Data records
================

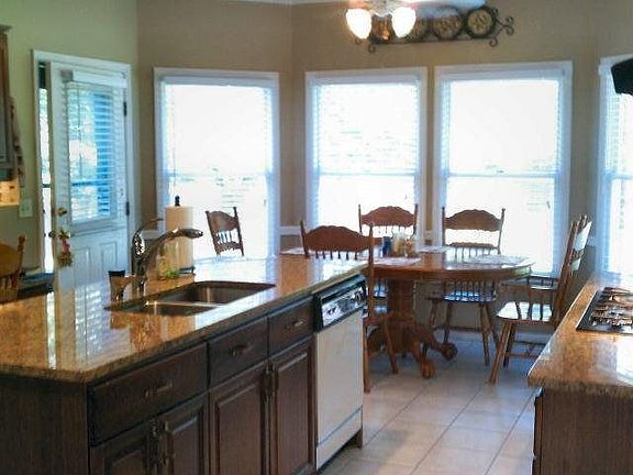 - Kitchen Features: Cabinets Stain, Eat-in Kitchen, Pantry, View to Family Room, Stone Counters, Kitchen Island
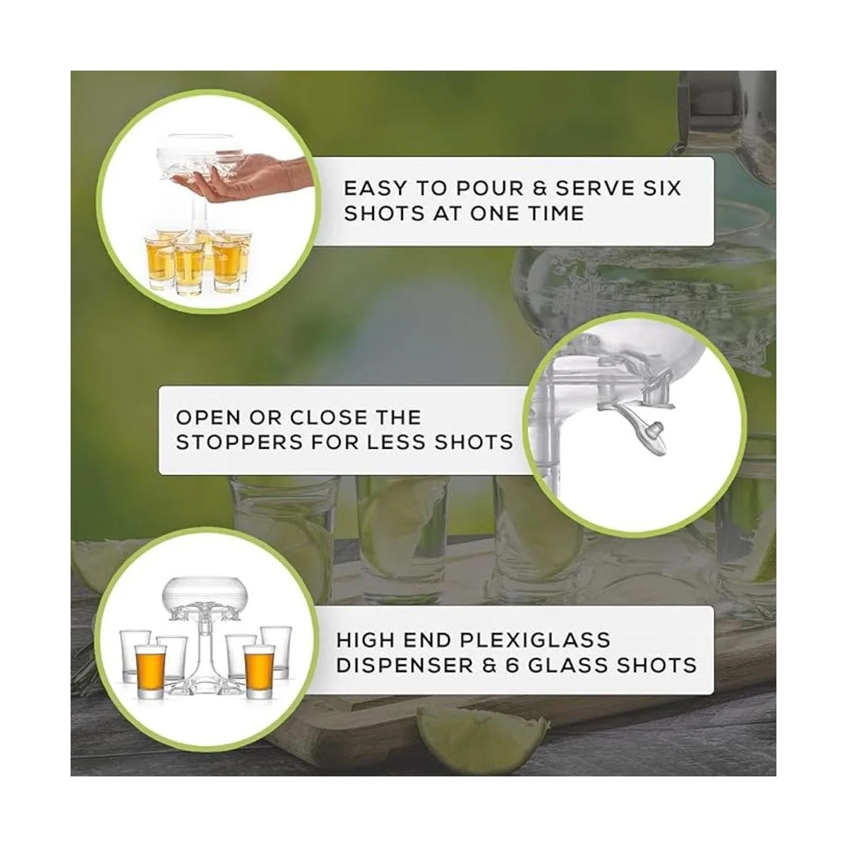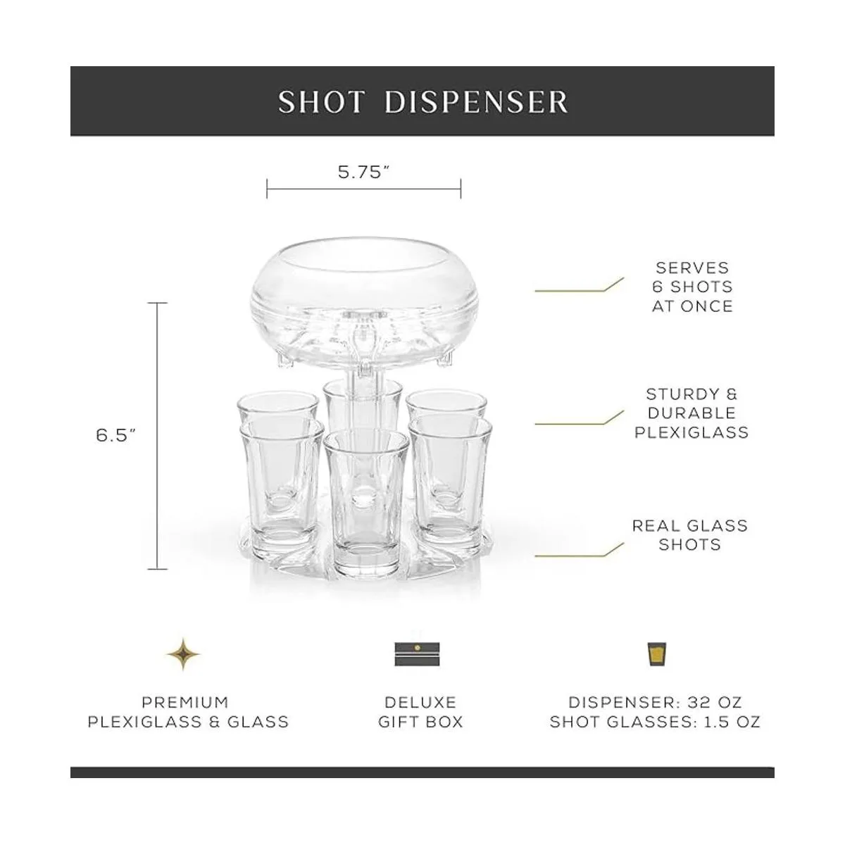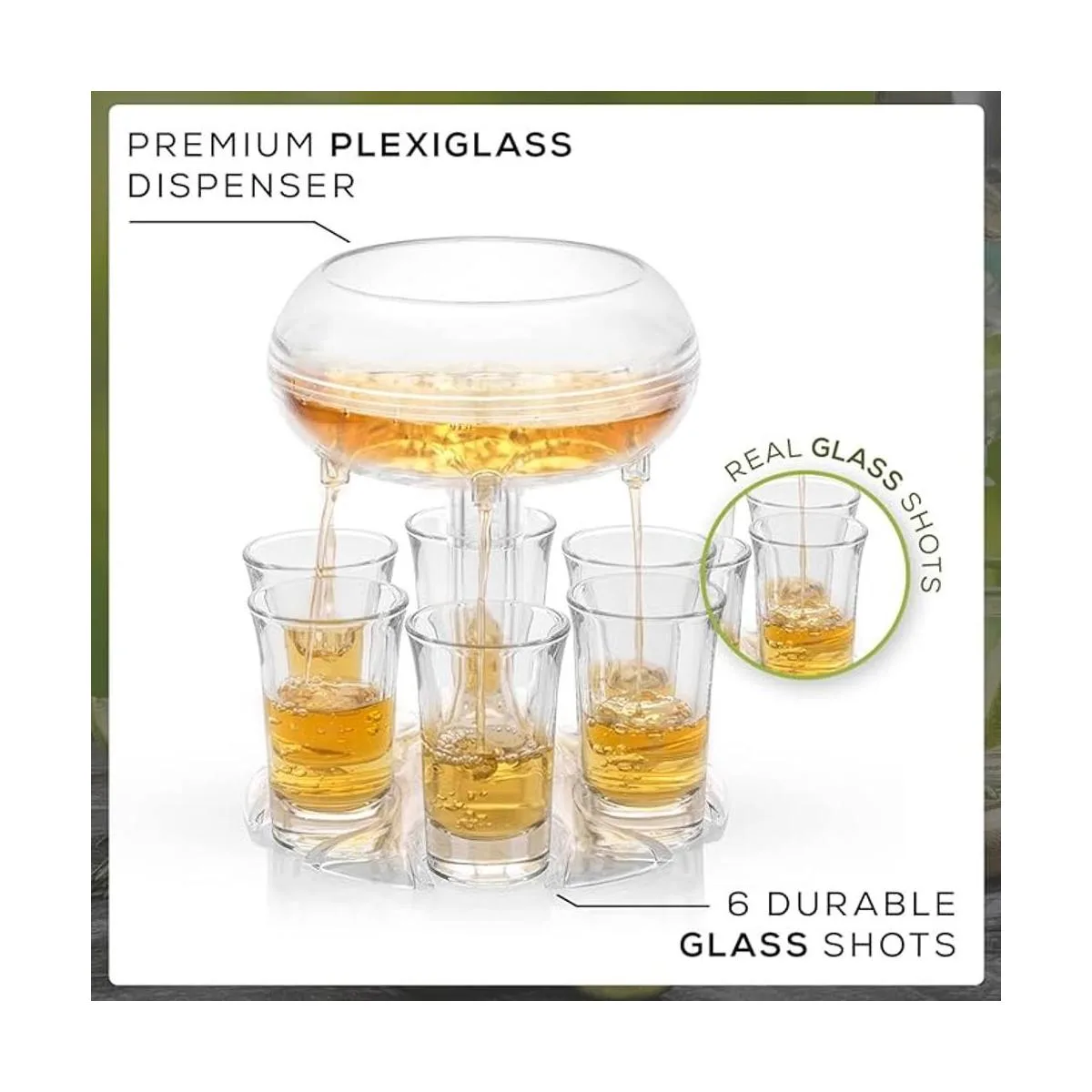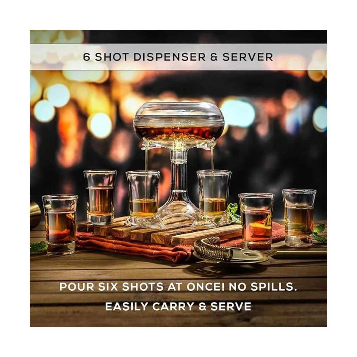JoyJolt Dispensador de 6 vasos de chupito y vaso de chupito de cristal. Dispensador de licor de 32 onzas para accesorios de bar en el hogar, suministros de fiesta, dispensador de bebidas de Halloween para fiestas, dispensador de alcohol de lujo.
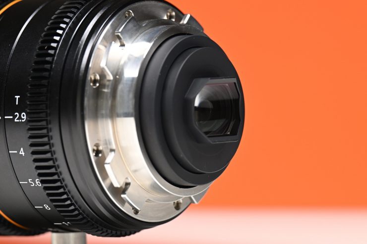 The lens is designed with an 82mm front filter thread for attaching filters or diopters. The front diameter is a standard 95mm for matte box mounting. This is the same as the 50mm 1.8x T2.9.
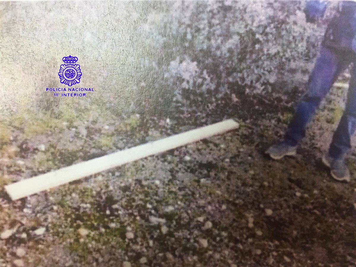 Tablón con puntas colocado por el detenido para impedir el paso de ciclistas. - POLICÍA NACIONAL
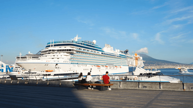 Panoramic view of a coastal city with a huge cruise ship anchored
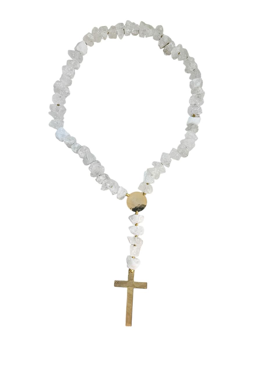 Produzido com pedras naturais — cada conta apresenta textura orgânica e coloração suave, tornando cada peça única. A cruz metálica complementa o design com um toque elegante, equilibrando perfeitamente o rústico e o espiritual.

================

Print all the entries again exactly as written, but without the pictures.

_Finished exercise_
 - Kitchen Features: Cabinets Stain, Eat-in Kitchen, Pantry, View to Family Room, Stone Counters, Kitchen Island
JoyJolt Dispensador de 6 vasos de chupito y vaso de chupito de cristal. Dispensador de licor de 32 onzas para accesorios de bar en el hogar, suministros de fiesta, dispensador de bebidas de Halloween para fiestas, dispensador de alcohol de lujo.
 The lens is designed with an 82mm front filter thread for attaching filters or diopters. The front diameter is a standard 95mm for matte box mounting. This is the same as the 50mm 1.8x T2.9.
 Tablón con puntas colocado por el detenido para impedir el paso de ciclistas. - POLICÍA NACIONAL
 Panoramic view of a coastal city with a huge cruise ship anchored
 Produzido com pedras naturais — cada conta apresenta textura orgânica e coloração suave, tornando cada peça única. A cruz metálica complementa o design com um toque elegante, equilibrando perfeitamente o rústico e o espiritual.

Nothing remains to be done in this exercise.